From mboxrd@z Thu Jan  1 00:00:00 1970
From: Christoph Hellwig <hch@infradead.org>
Subject: Re: [RFC] Prevent infinite retries due to DID_RESET return status
Date: Tue, 2 Jan 2007 12:15:14 +0000
Message-ID: <20070102121514.GA31621@infradead.org>
References: <457DD0CA.9010509@sgi.com>
Mime-Version: 1.0
Content-Type: text/plain; charset=us-ascii
Return-path: <linux-scsi-owner@vger.kernel.org>
Received: from pentafluge.infradead.org ([213.146.154.40]:58816 "EHLO
	pentafluge.infradead.org" rhost-flags-OK-OK-OK-OK) by vger.kernel.org
	with ESMTP id S964784AbXABMPQ (ORCPT
	<rfc822;linux-scsi@vger.kernel.org>); Tue, 2 Jan 2007 07:15:16 -0500
Content-Disposition: inline
In-Reply-To: <457DD0CA.9010509@sgi.com>
Sender: linux-scsi-owner@vger.kernel.org
List-Id: linux-scsi@vger.kernel.org
To: Michael Reed <mdr@sgi.com>
Cc: linux-scsi <linux-scsi@vger.kernel.org>, Jeremy Higdon <jeremy@sgi.com>

On Mon, Dec 11, 2006 at 03:42:34PM -0600, Michael Reed wrote:
> Due to a firmware mismatch between a host and target (names withheld to
> protect the innocent?), the LLDD was returning DID_RESET for every
> i/o command.  This patch modifies the scsi layer to take into account
> when the command which received DID_RESET was issued and eventually
> give up on it instead of unconditionally reissuing it forever
> when it receives a DID_RESET.  With this patch, on my test system,
> the command receiving the constant DID_RESET times out after about
> 360 seconds.
> 
> The premise for this patch is that no command should have an infinite
> lifetime.  The impetus for this patch was a system which would not
> reach a command prompt without disconnecting the storage from the
> host.
> 
> The significant change in this patch is to call scsi_retry_command()
> instead of scsi_requeue_command() if the command which receives a
> DID_RESET did not complete any i/o (good_bytes==0).  scsi_retry_command()
> does not release the command and regenerate it like scsi_requeue_command()
> does, hence jiffies_at_alloc reflects when the command was first issued.

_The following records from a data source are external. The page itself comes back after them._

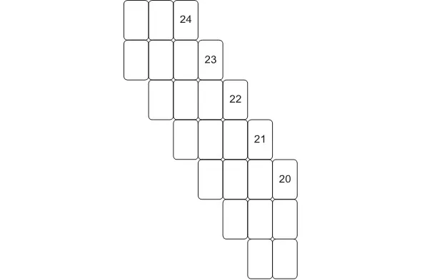 Вновь перетасуйте колоду и возьмите уже пять карт снизу колоды. Положите карту под номером 20 справа над картой номер 19. Выкладывайте карты снизу-вверх, пока карта под номером 24 не окажется над картой номер 13.
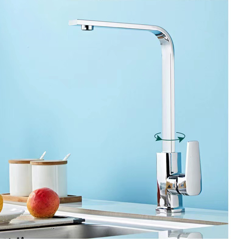 - 蛇口 混合水栓 360°回転 冷熱水対応 60cmホース付 台所蛇口 トイレ 手洗い 立水栓 手洗いボウル 洗面台 シルバー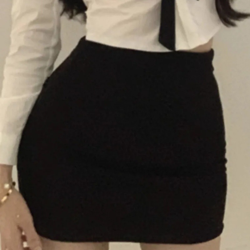 Pure Desire Style High-end Lace-up Solid Color Long-sleeved Shirt Women's Black High Waist Hip Skirt Design Sense Two-piece Suit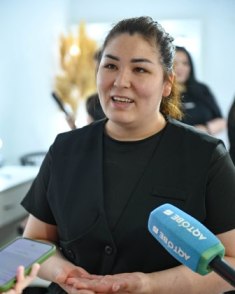 — 13 сәуірде «Мансап» орталығына жұмыссыз ретінде тіркелдім. Қазір білікті мамандардан шаш қиюдың түрлі әдістерін үйреніп жатырмын. Көпбалалы анамын. Бір қуантарлығы, курсты оқып бітіргеннен кейін сән салонында бір жыл көлемінде еңбек ете аламыз. Өзіне күтім жасайтын әйел кем дегенде шаштаразға айына екі мәрте келеді. Ерлерге қарағанда әйелдер шашын жиі сәндейді. Ал біздің ендігі мақсатымыз — келушілердің көңілінен шығып, әдемі шаш үлгісін жасау, — дейді жоба қатысушысы.
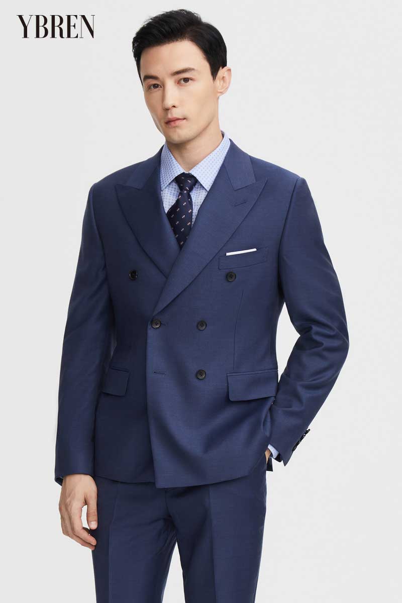 中蓝色小肌理平驳领全羊毛商务西服二件套 奢牌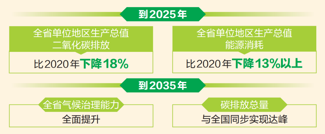 ?根據(jù)《規(guī)劃》,到2025年,全省單位地區(qū)生產(chǎn)總值二氧化碳排放比2020年下降18%,全省單位地區(qū)生產(chǎn)總值能源消耗比2020年下降13%以上。產(chǎn)業(yè)結(jié)構(gòu)和能源結(jié)構(gòu)進(jìn)一步優(yōu)化、適應(yīng)氣候變化能力不斷提升、試點(diǎn)示范取得顯著進(jìn)展、氣候治理能力取得重要成果?!兑?guī)劃》展望了2035年遠(yuǎn)景目標(biāo)。2035年全省氣候治理能力全面提升,碳排放總量已與全國(guó)同步實(shí)現(xiàn)達(dá)峰,經(jīng)濟(jì)社會(huì)已穩(wěn)步進(jìn)入高質(zhì)量發(fā)展階段,中國(guó)最美麗省份全面建成。

Generally this patch looks good to me.  Some comments:


> -extern int scsi_retry_command(struct scsi_cmnd *cmd);
> +extern int scsi_retry_command(struct scsi_cmnd *cmd, int reason);

	I've just sent a patch to kill scsi_retry_command.  Use
	scsi_queue_insert directly instead.

> +	scsi_release_buffers(cmd);

	Can you please separate out the moving of the scsi_release_buffer
	calls into a separate patch so it can be audited better?

> @@ -961,9 +992,20 @@ void scsi_io_completion(struct scsi_cmnd
>  		/* Third party bus reset or reset for error recovery
>  		 * reasons.  Just retry the request and see what
>  		 * happens.
> +		 * If no data was transferred, just reissue this
> +		 * command.  If data was transferred, regenerate
> +		 * the command to transfer only untransferred data.
>  		 */

The whole comment should look more like:

		/*
		 * Third party bus reset or reset for error recovery reasons.
		 * If no data was transferred, just reissue this command.
		 * If data was transferred, regenerate the command to transfer
		 * only untransferred data.
		 */

> -		scsi_requeue_command(q, cmd);
> -		return;
> +		if (!good_bytes) {
> +			if (!(scsi_command_expired(cmd))) {
> +				scsi_retry_command(cmd, SCSI_MLQUEUE_DID_RESET);
> +				return;
> +			}
> +		}
> +		else {
> +			scsi_requeue_command(q, cmd);
> +			return;
> +		}

	With this code we now fallthrough if we don't have any good bytes
	and the command has expired.  Is this the expected behaviour? If
	yes we need a good comment describing it.